Compared with conventional oil and gas, shale oil reservoirs require large-scale reconstruction to achieve efficient extraction [1,2]. Horizontal wells with stimulated reservoir volume have been prominently used in shale oil development [3]. Scholars are concerned about carbon dioxide as a greenhouse gas and how to use it. Carbon dioxide has been widely studied in the field of chemical research [4,5]. Meanwhile, technological advancements have also facilitated the use of CO2 injection to effectively increase production output [6,7]. The CO2 flooding mechanism includes viscosity reduction, extraction, and expansion [8]. Here, CO2 is typically injected into the injection well, which increases the pressure and drives crude oil into the production well [9,10]. The injected CO2 gradually blends with the oil under specific reservoir conditions, reducing interfacial tension and greatly improving recovery [11,12]. Most of the oil fields in China are continental sedimentary reservoirs, with crude oil characterized by strong heterogeneity and high viscosity. Therefore, it is necessary to carry out related research on viscosity reduction and imbibition displacement with CO2 injection [13,14,15,16,17].
Guo et al. revealed the mechanism of enhanced oil recovery by conducting experiments on the swelling of formation oil by CO2 injection and feldspar core displacement, as well as viscosity–temperature curve tests for different systems. CO2 dissolution in a viscosity-reducing agent also reduces the interfacial tension of a co-viscosity-reducing system agent, driving synergistic oil displacement between both agents [18]. Li et al. investigated a CO2 viscosity-reducing composite flooding technology, revealing the influence of viscosity-reducing slug on system performance and the composite flooding effect. The study involved long core-displacement experiments on a low-permeability, heavy-oil reservoir (Z13) [19]. Li et al. studied the enhanced oil recovery (EOR) technology of intelligent nano black tape flooding for high-temperature and low-permeability reservoirs in the Henan oilfield, believing that the technology could increase the EOR by 15.8 to 20.0 percentage points for the target oilfield [20]. Yang et al. conducted core imbibition and CO2 shuttling experiments on the Lusaogou formation in Jimsar. They found that presence of imbibition liquid in the core after imbibition can reduce the minimum pore radius of CO2, promote the spread of CO2 in micropores, and improve the core recovery efficiency [21]. Zhang et al. established a numerical model for simulating reservoir production that considers the formation of complex fractures after CO2 composite pressure flooding.
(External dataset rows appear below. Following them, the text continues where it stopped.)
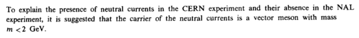 To explain the presence of neutral currents in the CERN experiment and their absence in the NAL experiment, it is suggested that the carrier of the neutral currents is a vector meson with mass m <2 GeV.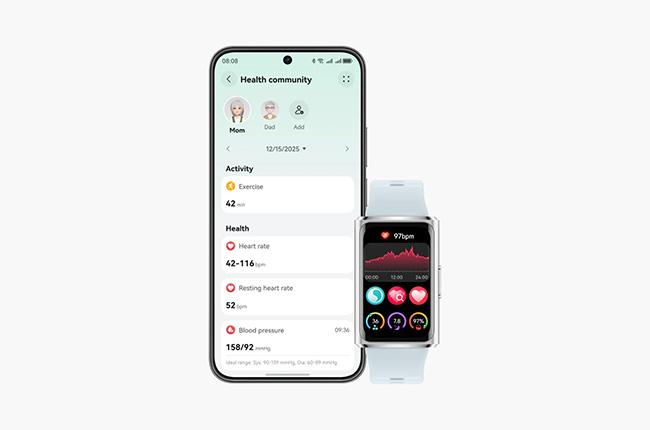 Σύνδεσε τα μέλη της οικογένειάς σου στην κοινότητα υγείας της εφαρμογής Huawei Health και παρακολούθησε καρδιακό ρυθμό, SpO₂ και καθημερινά βήματα με μια ματιά. Κράτα πλήρη εικόνα των βασικών μετρήσεων που σε ενδιαφέρουν, εύκολα και άμεσα.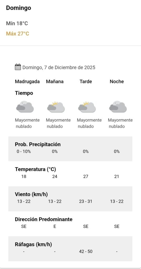El parte del servicio meteorológico prevé que para después del mediodía el cielo estará mayormente nublado y los vientos del sector sudeste tendrán velocidades estimadas de entre 23 y 31 km/h. La temperatura pronosticada sería de 27 grados.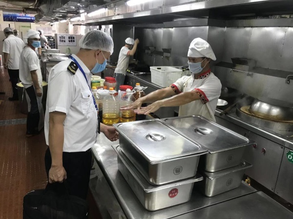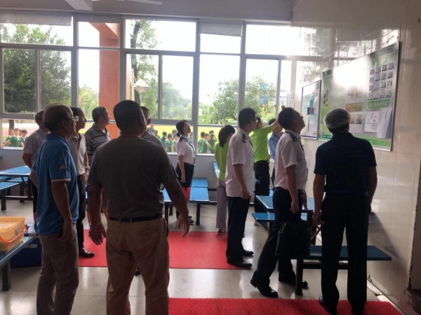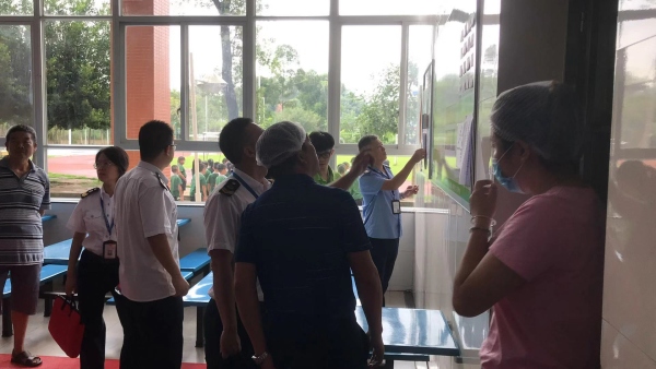 在總務主任張鵬陪同下,檢查小組人員首先深入飯堂,檢查了食堂的硬件設備,查看了倉庫食品的入庫與記錄,食品留樣記錄等資料,并詳細了解了食堂的責任落實情況,檢查了餐飲服務許可證和食堂工作人員的健康證件,詢問了日常的食堂監管。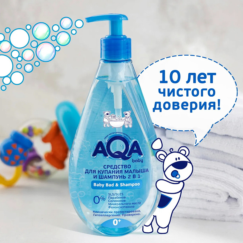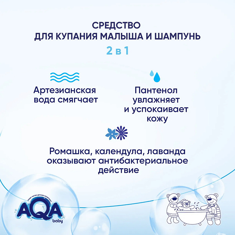 Средство AQA baby для купания и шампунь 2 в 1 400 мл

The research results suggested that the main mechanisms of CO2 pressure flooding include reducing crude oil viscosity, expanding crude oil, enhancing crude oil fluidity, creating fractures near injection wells to improve CO2 injection capacity, and increasing formation pressure [22].
Nuclear magnetic resonance (NMR) technology, which has unique advantages for studying pore sizes, is widely used in petroleum engineering research [23,24]. Jin et al., taking the reservoir of the Chang 6 Member of Ordos Basin as the research object, based on the characterization of the reservoir characteristics, used high-temperature and high-pressure nuclear magnetic resonance to dynamically monitor the multiphase flow and migration behavior of crude oil in each stage of CO2 flooding in real-time. They discussed the influence of injection pressure on the recovery efficiency and the degree of micro-pore crude oil recovery [25]. Xiao et al., using Jimsar shale oil as the research object, studied the characteristics of pore throat fluid utilization and oil recovery changes during CO2 huff and puff using a low-frequency nuclear magnetic resonance core analyzer. The effect of fracturing fluid-assisted CO2 huff-n-puff in enhancing oil recovery was evaluated [26]. Zhao et al. used this technology to investigate the characteristics and mechanism of crude oil production in micro-nano pores of shale. They also studied the influence of contact time and contact number on the degree of recovery, concluding that the main mechanism involves CO2 dissolution and diffusion [27]. Pu et al. used NMR to determine the displacement behavior of CO2 injection in tight oil reservoirs from a microscopic perspective, noting that CO2 flooding could effectively drive crude oil in tight pores [28]. Lang et al. also used NMR to study how CO2 injection enhances oil recovery in shale oil reservoirs, and they analyzed the influence of fracture development degree on EOR based on the NMR images. The results showed that the degree of recovery gradually increased with the extension of the CO2 injection time. Essentially, the injected CO2 diffuses and dissolves in the crude oil, which increases the volume of the crude oil and decreases the viscosity; finally, the crude oil is discharged from the core pores onto the core surface [29]. Similarly, Zheng et al. used NMR to study how CO2 adsorption replaces CH4 in coal and rock through injection. The results showed that, during the replacement, the maximum methane adsorption capacity was distributed in a low-pressure and high-pressure stage as the CO2 injection pressure changed [30].
Taking Jimsar shale oil in China as the research object, this study conducted investigations on the behavior of oil viscosity reduction and imbibition replacement by CO2 injection, which could provide a reference for the subsequent and efficient development of shale oil.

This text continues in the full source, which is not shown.